6.2 Casting and Post – processing
After printing, the unbonded and solidified dry sand in the sand mold was cleaned using a vacuum cleaner and a dust – blowing gun. Before pouring, zircon powder was sprayed on the pouring surface of the sand mold to improve the surface quality of the casting and reduce gas evolution. The casting was poured with HT200 material at a temperature of 1450 ℃ for 18 s. After cooling, the outer sand mold was removed, and the casting was obtained. After removing the riser and gating system, the final pump body casting is shown in Figure 10 (a self – drawn figure of the final pump body casting, with English – labeled inspection points). Inspection results show that the casting is of high quality, with no obvious shrinkage porosity or surface defects.
7. Conclusion
This research on the application of sand mold 3D printing technology in pump body casting has achieved the following results:
- Through the numerical simulation analysis of AnyCasting software for top – pouring, side – pouring, and bottom – pouring schemes, the side – pouring gating system was determined to be the best choice, which effectively shortens the trial – mold cycle.
- The use of 3D printing technology to make sand molds significantly reduces the sand – mold making time.
- The combination of numerical simulation technology and sand mold 3D printing technology can greatly shorten the development and trial – production cycle of new casting products, improve production efficiency, and reduce production costs.

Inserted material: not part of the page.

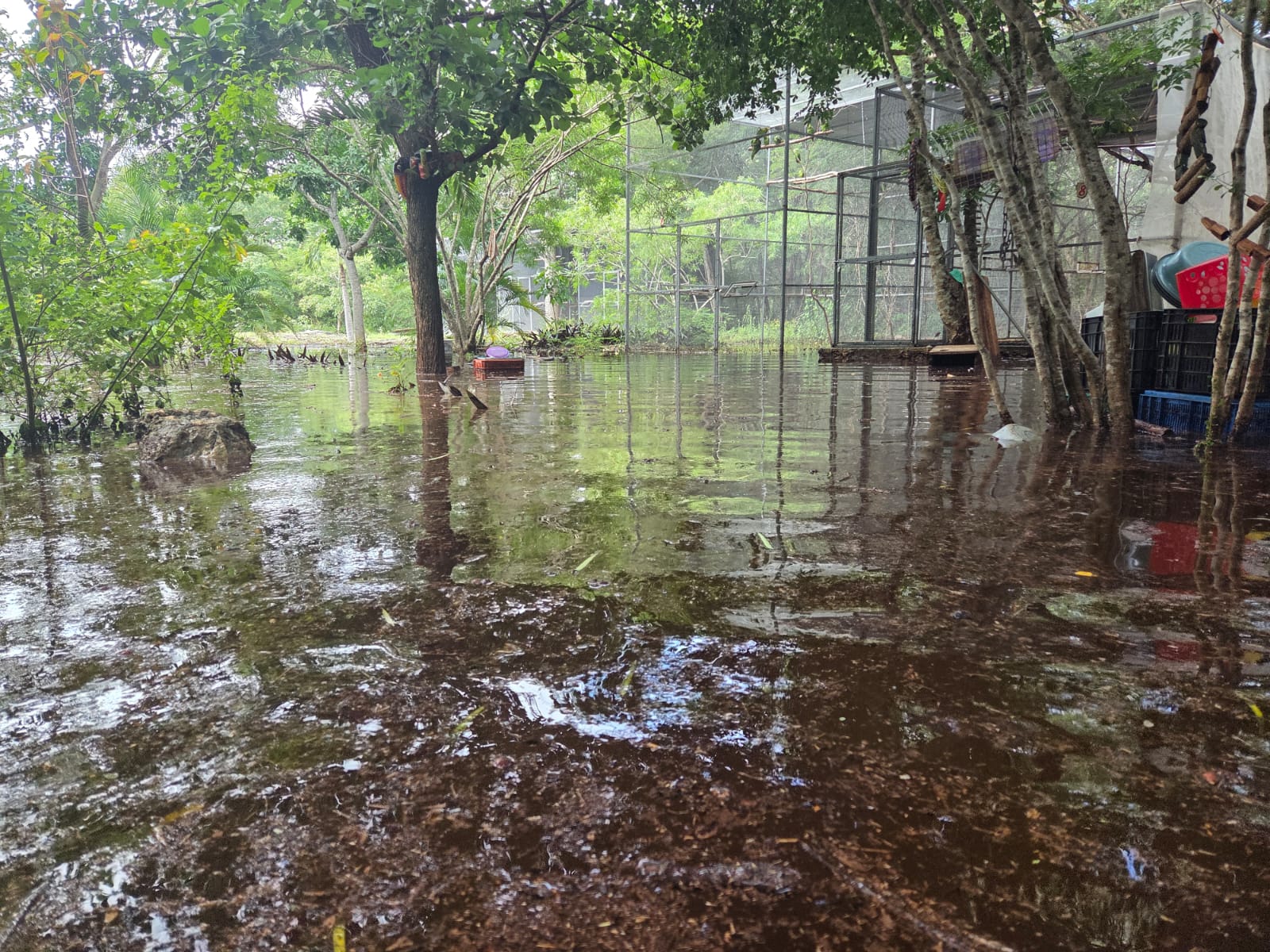 Hunucmá, a 21 de septiembre de 2025.- Debido a las fuertes precipitaciones que se han registrado en la entidad, el refugio de loros de Proyecto Santa María que completamente inundado.

This research provides a reference for the application of advanced manufacturing technologies in the casting industry and promotes the development of the casting process towards a more efficient and precise direction.
In the future, with the continuous development of 3D printing technology and numerical simulation algorithms, it is expected that more complex and high – quality castings can be produced with higher efficiency and lower costs. Further research can focus on optimizing the printing materials and parameters, as well as improving the accuracy of numerical simulation to better guide the actual casting production.